# Chance Technical College, Smethwick. Jan '13



## perjury saint (Jan 18, 2013)

*...CHANCE TECHNICAL COLLEGE...​**...SMETHWICK BIRMINGHAM...​*
*The Chance family started evening classes in science and art at their glassworks in Spon Lane in 1846 and in 1852 formed an education institute there which existed for almost twenty years. Other classes followed and in 1885 the borough council formed a school board to run them. Most classes were run at the higher grade school in Crocketts Lane. In 1910 a permanent Smethwick Technical School was opened next door. It served as a Junior Technical School for school-age pupils during the day and an adult further education school in the evenings. In 1927 it was renamed Smethwick Municipal College and in 1945 it became Chance Technical College. The junior technical school moved into its own building and was renamed James Watt Technical School.
I cant seem to find when it closed.​*




*These pix were taken over 2 separate visits.
Splored with NK on the first visit, where we were scuppered by a nosey 'Joe Bloggs' AND secca doing his rounds! 
Still got a good couple of hours in though, was fun sneaking across the 'walkway' above secca sat in his car scoffing his sarnies without being spotted... 
Second visit saw me sploring solo, bumped into 'The Leeds LOL Society' while in there (good to meet ya lads!) who unfortunately ended up being escorted off site by the local constabulary! Oops! No LOLs there. 
Fortunately for me though I managed to sneak away and, apart from a couple of homeless guys and the secca, I had the gaff to myself for the afternoon. 
Sorry for the amount of pix, lots to see!!

...Reception...​*





















*...Media...​*






















*...Film Studies...​*
















*...Chemistry Lessons...​*















*...Boiler Room...​*












*...And a couple of randoms...​*












*Thanks for looking...​*


----------



## Ninja Kitten (Jan 18, 2013)




----------



## perjury saint (Jan 18, 2013)

*Nice one bab!! Black n whites look ace!! *


----------



## UE-OMJ (Jan 18, 2013)

You've done this place well, best report Ive seen on it.


----------



## Priority 7 (Jan 18, 2013)

Superb sets guys looks like a nice explore


----------



## Ratters (Jan 18, 2013)

Nice one. Really like this


----------



## Pen15 (Jan 18, 2013)

Interesting place and loads to see. 

Well done to you both.


----------



## flyboys90 (Jan 18, 2013)

Cracking photos from both.


----------



## AgentTintin (Jan 18, 2013)

Best report I have seen on this place!


----------



## Lucky Pants (Jan 18, 2013)

Cracking pictures guys, awesome as always .


----------



## Derelict-UK (Jan 18, 2013)

Were the homeless people living there?


----------



## perjury saint (Jan 18, 2013)

Derelict-UK said:


> Were the homeless people living there?



*There was an old fella knockin about upstairs in the new part and and a young guy upstairs above the plastering dept.
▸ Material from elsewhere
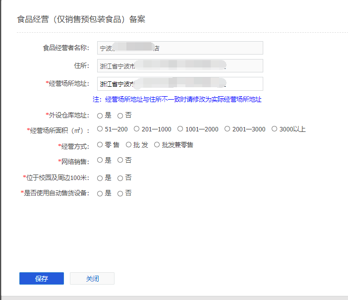 按照要求填写“食品经营(仅销售预包装食品)”备案相关信息,完成后与登记信息一并提交。

The old guy seemed pleasant enough, the young un... hmm, not so much! *


----------



## skankypants (Jan 18, 2013)

Greats sets of pictures...especially like the staircase reflection N.K.


----------



## Ramsgatonian (Jan 18, 2013)

I enjoyed looking at this report - good job!

Thanks for posting


----------



## projectionman (Jan 19, 2013)

excellent pictures there especially of the projection room many thanks


----------



## Mars Lander (Jan 19, 2013)

Excellent stuff guys your images are immense of this place!!! You found the Piano!!!! woohoo


----------



## Potter (Jan 20, 2013)

I'm amazed what they've left behind.


----------



## Headflux (Jan 21, 2013)

Great photos, seems I missed a lot of what was left there.


----------



## chapmand (Jan 23, 2013)

liking this place guys, great images.


----------



## Sshhhh... (Jan 23, 2013)

Great shots there you two!!


----------



## MrDan (Jan 24, 2013)

Perjury, any idea what year those newspapers were dated? 
Hope you didn't have too much fun with the chemistry lessons!

NK, love that shot with the stools.


----------



## Twowheelartisan (Jan 24, 2013)

Thanks for this, seems remarkably well preserved


----------



## perjury saint (Jan 24, 2013)

MrDan said:


> Perjury, any idea what year those newspapers were dated?
> Hope you didn't have too much fun with the chemistry lessons!



*Good question! I did look at the date, but cant remember!!  60's I think?*


----------



## NakedEye (Jan 26, 2013)

great stuff guys! remarkably well preserved..well captured thanks for sharing!


----------



## Woofem (Jan 27, 2013)

very nice indeed Guys


----------



## Stussy (Jan 29, 2013)

Always liked the look of this place, seems you pair have had a good few splores there! Great report and excellent pics!


----------